» Exercise description
Print, in exact form, the lines below from the one containing "Atmosféru doplňuje kulatý" through the one containing "今年は焼肉とちらし寿司を召し上がっていただいています。", and omit all others.

Stored data
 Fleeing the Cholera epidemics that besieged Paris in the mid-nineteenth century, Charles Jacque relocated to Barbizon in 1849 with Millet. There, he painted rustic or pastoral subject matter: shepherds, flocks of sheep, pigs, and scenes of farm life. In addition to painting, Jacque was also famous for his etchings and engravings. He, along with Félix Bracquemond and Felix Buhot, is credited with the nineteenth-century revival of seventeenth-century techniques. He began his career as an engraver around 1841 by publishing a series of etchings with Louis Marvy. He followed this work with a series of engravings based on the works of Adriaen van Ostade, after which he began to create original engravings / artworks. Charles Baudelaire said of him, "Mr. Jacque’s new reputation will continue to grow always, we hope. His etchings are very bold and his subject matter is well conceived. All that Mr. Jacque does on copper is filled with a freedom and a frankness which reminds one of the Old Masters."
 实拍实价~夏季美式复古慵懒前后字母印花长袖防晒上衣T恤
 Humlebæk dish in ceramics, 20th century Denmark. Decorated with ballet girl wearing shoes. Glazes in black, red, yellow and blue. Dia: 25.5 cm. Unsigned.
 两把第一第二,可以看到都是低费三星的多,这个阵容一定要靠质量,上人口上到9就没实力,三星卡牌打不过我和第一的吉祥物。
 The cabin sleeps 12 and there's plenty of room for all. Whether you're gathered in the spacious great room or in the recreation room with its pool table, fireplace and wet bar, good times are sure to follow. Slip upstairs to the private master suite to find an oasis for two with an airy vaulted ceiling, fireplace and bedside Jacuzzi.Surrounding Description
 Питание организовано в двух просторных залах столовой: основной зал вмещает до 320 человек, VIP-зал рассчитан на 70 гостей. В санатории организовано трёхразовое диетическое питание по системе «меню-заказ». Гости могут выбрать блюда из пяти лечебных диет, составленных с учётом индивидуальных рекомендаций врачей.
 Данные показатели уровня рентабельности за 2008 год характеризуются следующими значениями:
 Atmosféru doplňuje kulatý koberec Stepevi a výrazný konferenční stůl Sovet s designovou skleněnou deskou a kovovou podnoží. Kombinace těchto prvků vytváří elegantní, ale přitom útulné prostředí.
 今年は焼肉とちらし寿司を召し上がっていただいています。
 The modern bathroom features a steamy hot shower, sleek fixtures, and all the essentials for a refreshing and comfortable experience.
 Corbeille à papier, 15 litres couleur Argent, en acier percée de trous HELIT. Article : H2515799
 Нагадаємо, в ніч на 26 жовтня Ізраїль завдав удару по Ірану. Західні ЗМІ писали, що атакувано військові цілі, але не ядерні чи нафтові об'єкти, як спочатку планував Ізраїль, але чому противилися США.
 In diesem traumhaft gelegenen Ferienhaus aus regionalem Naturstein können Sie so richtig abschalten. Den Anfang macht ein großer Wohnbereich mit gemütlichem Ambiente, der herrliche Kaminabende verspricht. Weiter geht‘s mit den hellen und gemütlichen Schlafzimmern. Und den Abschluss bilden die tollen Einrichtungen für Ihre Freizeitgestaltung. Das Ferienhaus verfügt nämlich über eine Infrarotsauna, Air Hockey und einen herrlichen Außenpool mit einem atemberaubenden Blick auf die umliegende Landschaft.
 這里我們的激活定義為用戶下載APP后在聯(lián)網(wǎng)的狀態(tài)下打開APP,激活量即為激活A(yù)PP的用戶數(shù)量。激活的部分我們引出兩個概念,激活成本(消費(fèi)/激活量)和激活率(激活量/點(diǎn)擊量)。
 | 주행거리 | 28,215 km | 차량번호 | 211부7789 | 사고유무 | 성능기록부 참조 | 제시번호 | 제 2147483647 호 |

» Result for this exercise
 Atmosféru doplňuje kulatý koberec Stepevi a výrazný konferenční stůl Sovet s designovou skleněnou deskou a kovovou podnoží. Kombinace těchto prvků vytváří elegantní, ale přitom útulné prostředí.
 今年は焼肉とちらし寿司を召し上がっていただいています。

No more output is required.